# What Happens-when An Amritdhari Breaks The Sacred Pledge



## Hardip Singh (May 2, 2010)

As per the famous lines "Rehat bena dur chota khave", if some Sikh who has taken 'Khande Batte de pahul" and breaks the "REHAT" is for no where. 

But in actual, what could happen for such an offence, if really it is an offence as per the SRM or SGGS jee. 

The learned forum members, pl come forward on this crucial aspect.


----------



## Gyani Jarnail Singh (May 2, 2010)

SRM mentions FOUR BAJJAR KUREHITS...
1. dishonouring the Kesh - cutting, trimming removal colouring etc etc.
2. Consume Halal meat
3. Consume drugs tobacco etc
4. Cohabitation with someone not ones spouse.(adultery).

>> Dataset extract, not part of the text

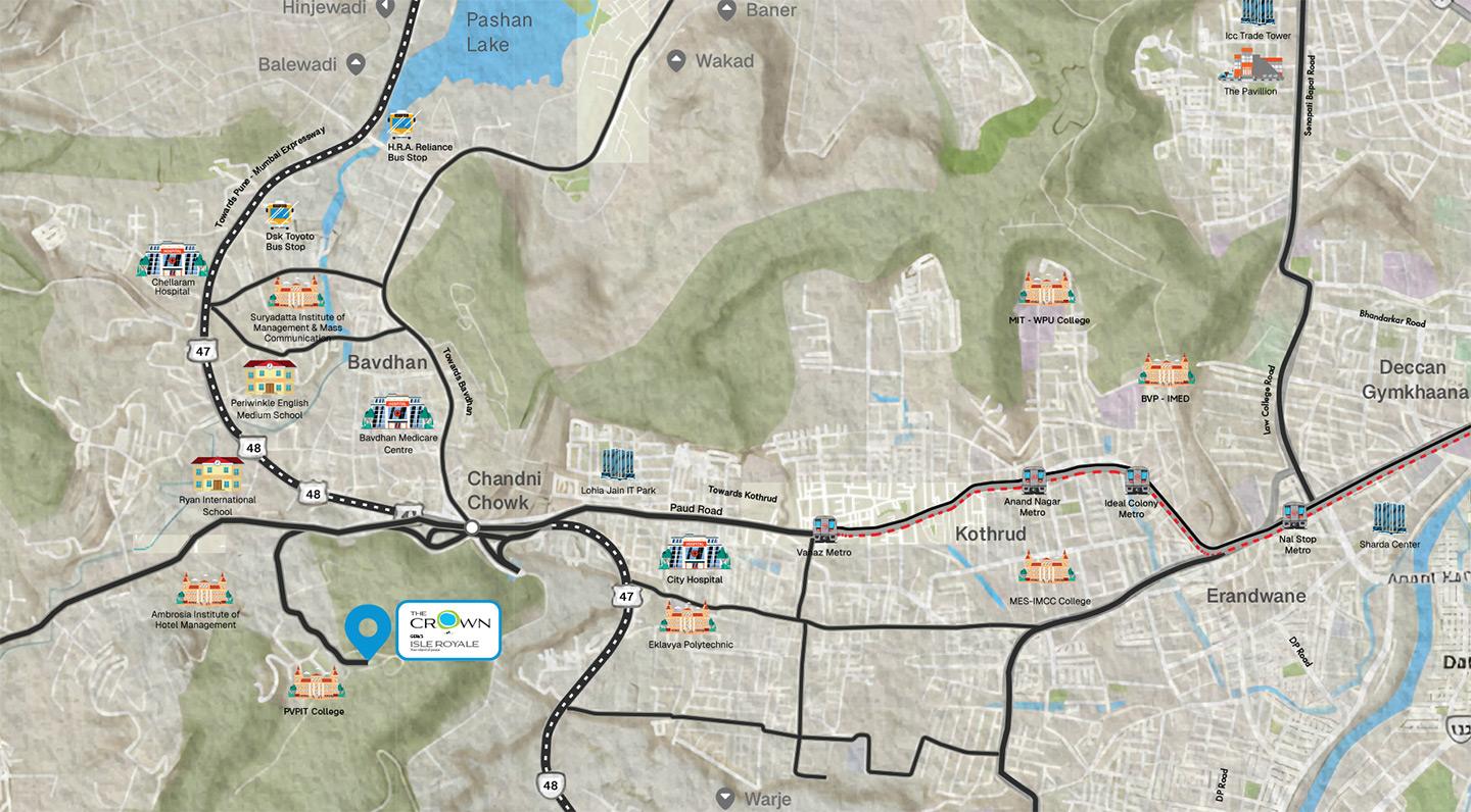 This is a meticulously designed 4.5 BHK Flat with an Carpet area of 2566 Sq.ft for Sale. Located in Chandani Chowk, Bavdhan, Pune. The Flat is a spacious property and is New Launch. Located in an integrated society of The Crown at Geras Isle Royale , the Flat consists. This is a feng shui/vaastu compliant property and has Vitrified flooring. It is a property located on the Higher Floor floor. The unit is located in a gated society. The property offers facilities. The price of the property is estimated at 3.90 Cr. Parking is also available. Please contact for further details.

ONLY these are punishable. Punishment is appear beofore the Panj during an Amrit Sanchaar...tell them the kurehit and reasons if any and they will decide the punishment- most common is paath/sewa in a Gurdwara etc. THEN the kurehiti will be readmitted via amrit sanchaar once more.

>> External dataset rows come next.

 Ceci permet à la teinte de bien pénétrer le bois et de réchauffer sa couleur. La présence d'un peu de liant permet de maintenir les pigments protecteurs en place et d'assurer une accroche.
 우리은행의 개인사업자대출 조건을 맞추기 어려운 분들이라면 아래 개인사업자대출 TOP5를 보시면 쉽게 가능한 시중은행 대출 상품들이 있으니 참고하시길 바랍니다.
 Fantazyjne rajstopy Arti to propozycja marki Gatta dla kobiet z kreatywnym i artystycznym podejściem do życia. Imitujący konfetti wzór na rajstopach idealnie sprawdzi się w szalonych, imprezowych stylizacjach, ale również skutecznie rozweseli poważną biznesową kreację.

These are at LOCAL LEVEL. There is NO OTHER PUNISHMENTS or any other avenues to go through. NO other kurehits either.


----------



## LifeWithSoul (May 2, 2010)

when one breaks inner Rehat (which is The rehat for me), the separation it causes from connection from "waheguru"  is the "punishment" itself.  the pain of separation from feeling integral would then be the inner motive for anyone to keep (inner)Rehat...not any external political, racial, etc motive/pressure which will never be enough to keep one on the path, and moreover CAN be inauthentic (ie not ring true internally) and therefore uncompassionate to the self. of course it depends how important inner authenticity is to one, versus, the need for group affiliation, which can be good and supportive but also take us away from the hard and sometimes lonely inner journey...


----------



## Hardip Singh (May 2, 2010)

Gyani Jarnail Singh said:


> SRM mentions FOUR BAJJAR KUREHITS...
> 1. dishonouring the Kesh - cutting, trimming removal colouring etc etc.
> 2. Consume Halal meat
> 3. Consume drugs tobacco etc
> ...


 
Gyanni jee, 
Thanks for reminding. I will come to my specific question. These are :-

1) As per point no. 3 - What about alcohal consumption / boozing Bhang etc.by Nihangs. Whether these too are taboo as per this rule no.3 ????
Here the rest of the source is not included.